Friday, 3 April 2015

On Social Intercourse.

I was standing by a waste bin today when three teenage boys approached. One of them fiddled in his pocket and took out some sort of wrapping which he deposited in the bin. He’d obviously carried it around with him and I was impressed.

‘Well done,’ I said.

‘What?’

I nodded in the direction of the bin and said ‘thank you.’ He looked back and forth between me and the bin and seemed a little nonplussed. I think the penny dropped eventually:

‘Oh, yeah. Right.’

You have to be so careful with teenage boys. Congratulate them too heavily for doing the right thing and they’re likely to rebel. It’s the best way to make delinquents of them.

*  *  *

So then it was into the newsagent to get a couple of photocopies done. I unloaded some loose change on the young woman assistant, which she counted and declared ‘perfect.’ Oddly, she didn’t pronounce it ‘perfict,’ which people in this area usually do.
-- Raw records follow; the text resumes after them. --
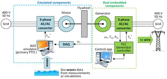 The block with real components includes a generator, a power converter and a Programmable Logic Controller (PLC) that run the system control law. This section is the apparatus that connects a real WEC installed in the sea with the grid, but it can be replaced by other kind of control units based on microcontrollers and FPGAs. In the real system, the motor shaft is joined to that of the generator by a gearbox or a joint, and the system inertia can be increased up to 8 kg⋅m2 by adding a flywheel.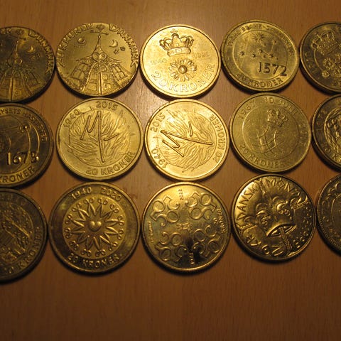 Danmark, mønter, 20 KR, 13 FORSKELLIGE DANMARK 20 KR. TEMA MØNTER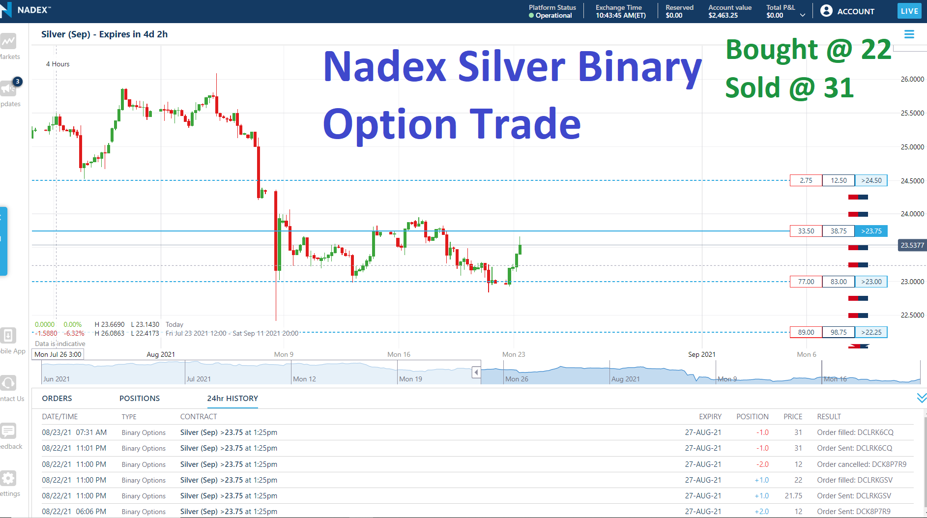 Nadex Silver Binary Option Trade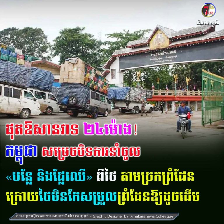 កម្ពុជា៖ នៅថ្ងៃទី ១៧ មិថុនានេះ បានសម្រេចបិទការនាំចូល «បន្លែ និង ផ្លែឈើ»ពីថៃតាមច្រកព្រំដែនទាំងអស់ ក្រោយពីឱសានវាទ ២៤ ម៉ោង(ផុតខសន្យាដាច់ខាត) របស់រាជរដ្ឋាភិបាលកម្ពុជាបានដល់ពេលកំណត់ ហើយប្រទេសថៃមិនព្រមចូលរួមកែសម្រួលតាមព្រំដែនឱ្យវិលទៅរកភាពដូចដើមវិញ បិទព្រំដែនដោយឯកតោភាគី។ ក្នុងបទសម្ភាសន៍ជាមួយបណ្តាញសារព័ត៌មាន Fresh News លោក សុខ វាសនា...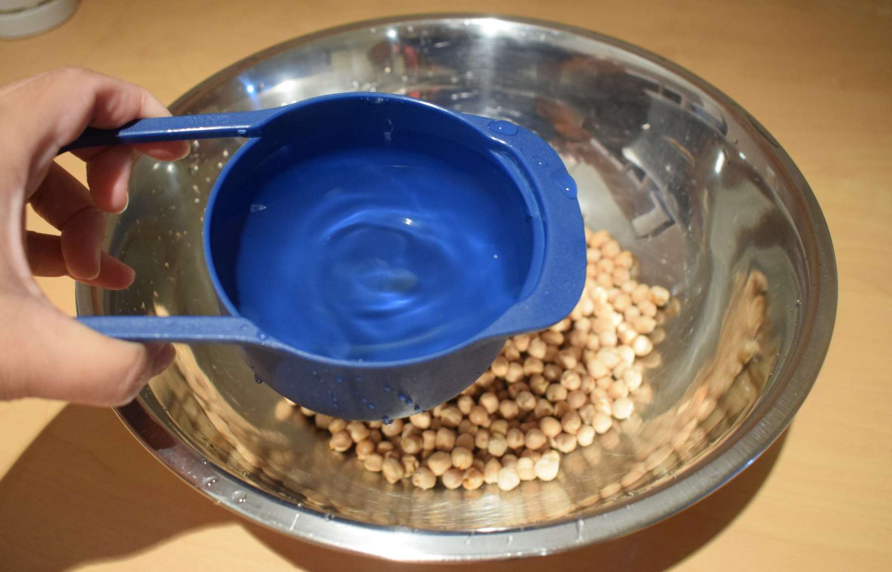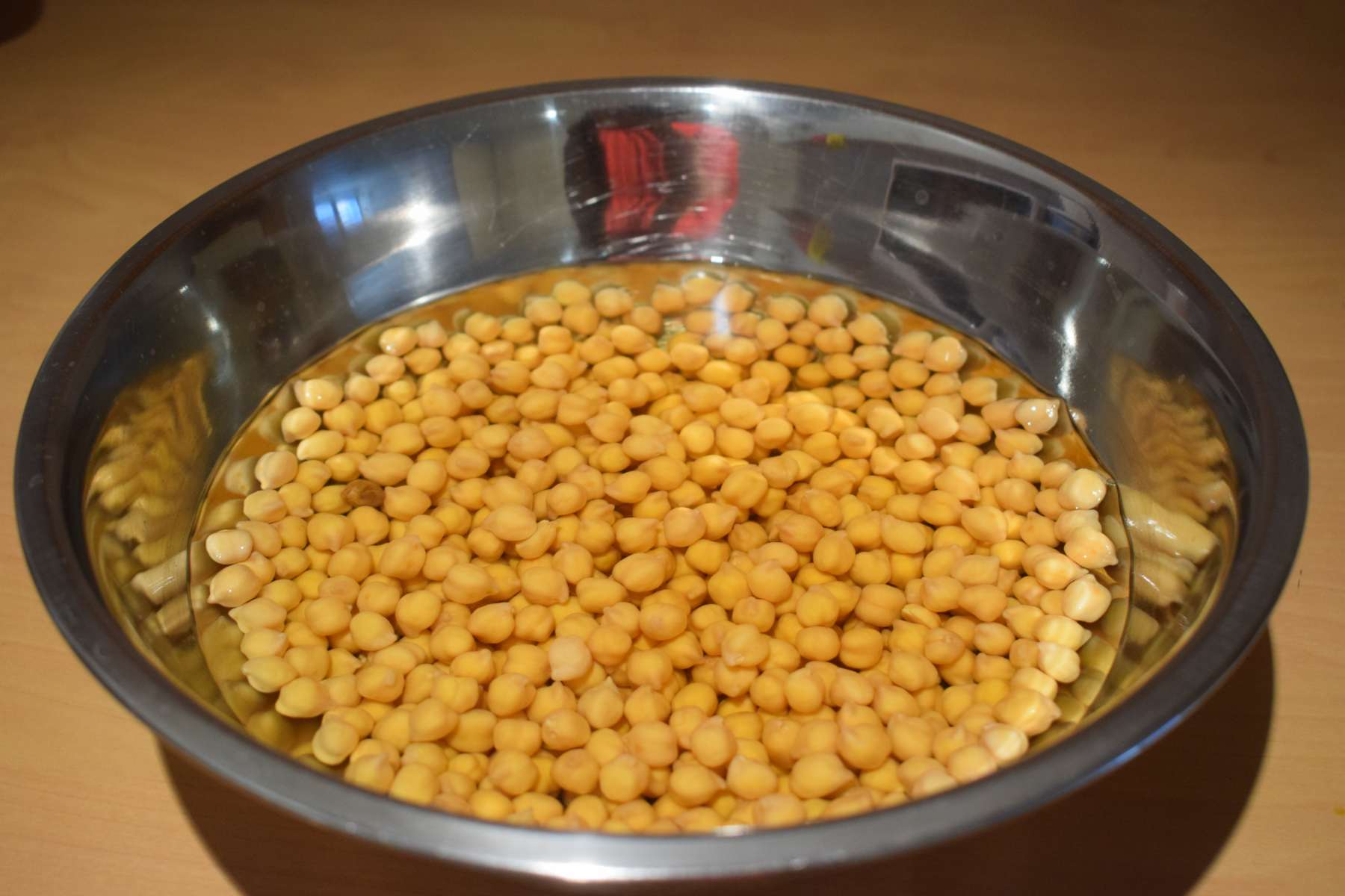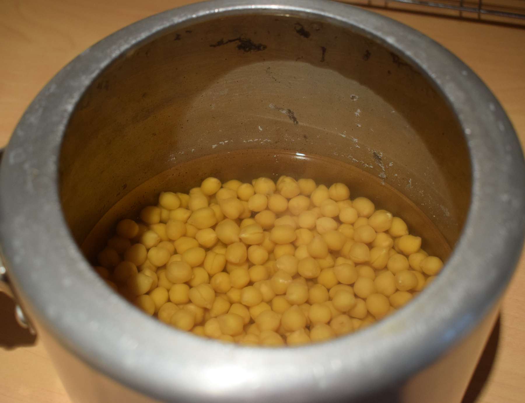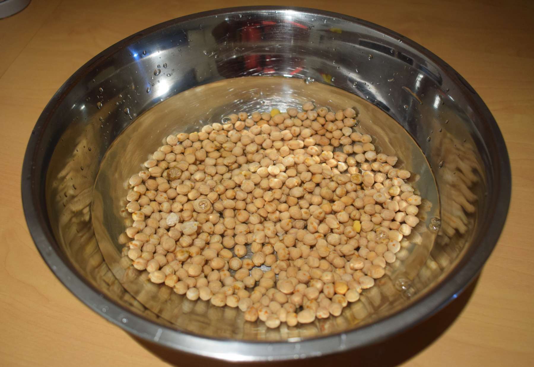 - Add enough water and soak the chickpeas for overnight or 8-10 hours. I added 2½ cups of water for 1 cup chickpeas.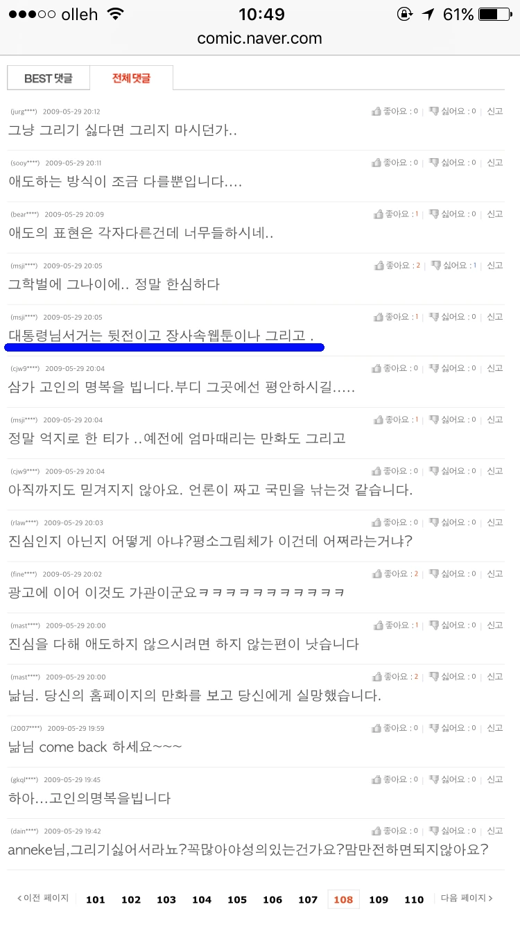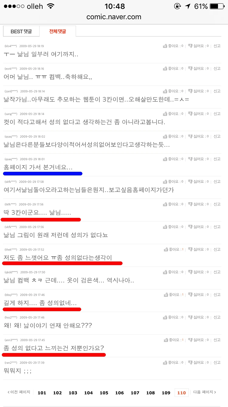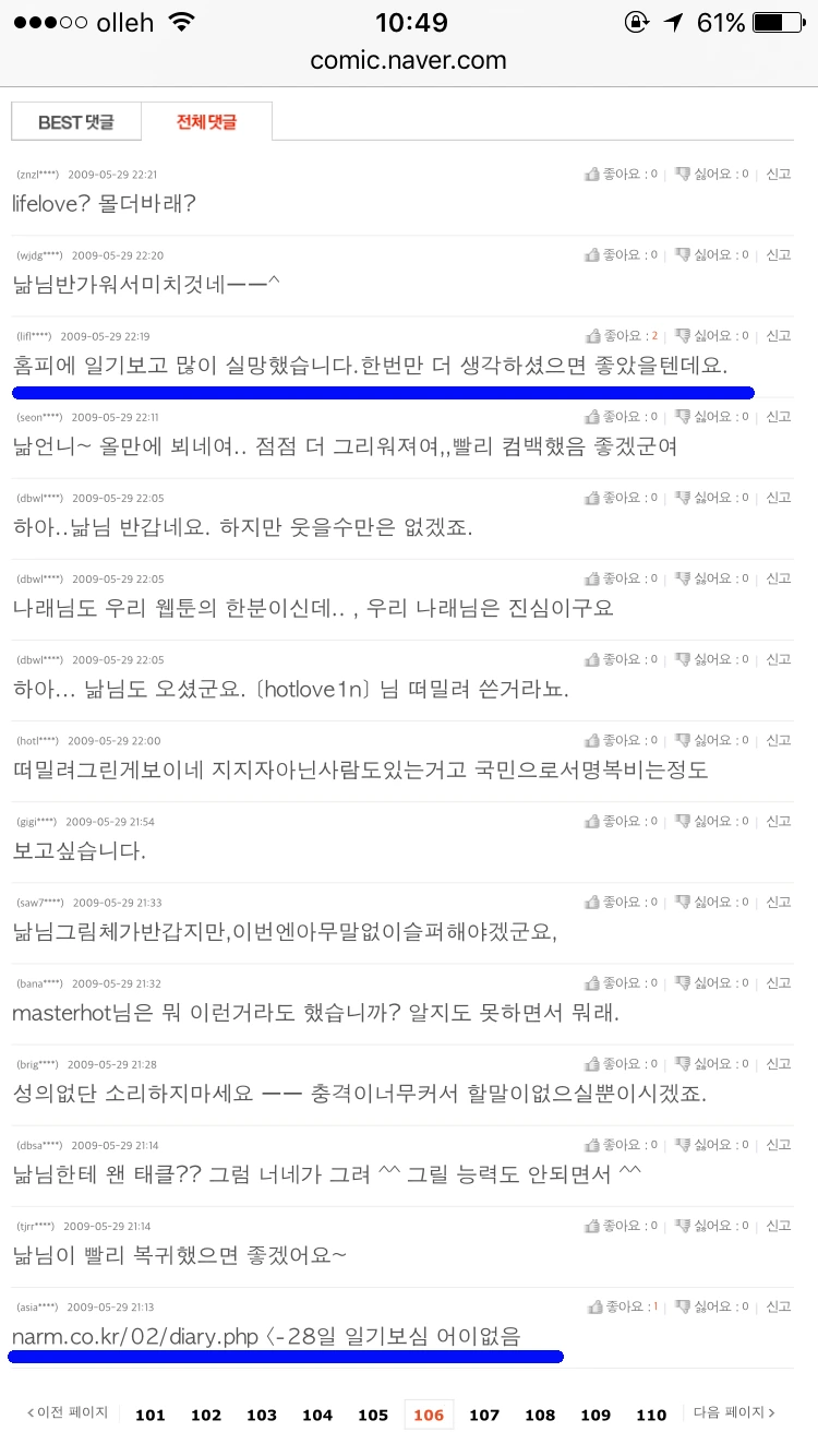 홈페이지 만화를 보고 당신에게 실망했습니다라는 표현에서부터 장사 속 웹툰이나 그린다는 식의 내용들이 등장한다.

She pronounced the ‘e’ as in ‘felt.’ Perfect.

‘You said “perfect.” Where are you from?’ I asked.

‘Oh, around here.’

‘Are you educated or something?’

‘Something like that.’

*  *  *

And then I went into the bake shop to buy a cake. (I’d taken a packed lunch with me. It’s cheaper than buying a bag of chips.’)

‘A small egg custard, please.’ (They cost 50p.)

‘Is that all?’

‘All?! That’s my weekly treat!’

‘Weekly? Heavens! Poor thing.’

Quite. But don’t anybody tell me I don’t have good social skills. And don’t anybody tell me I don’t have a life.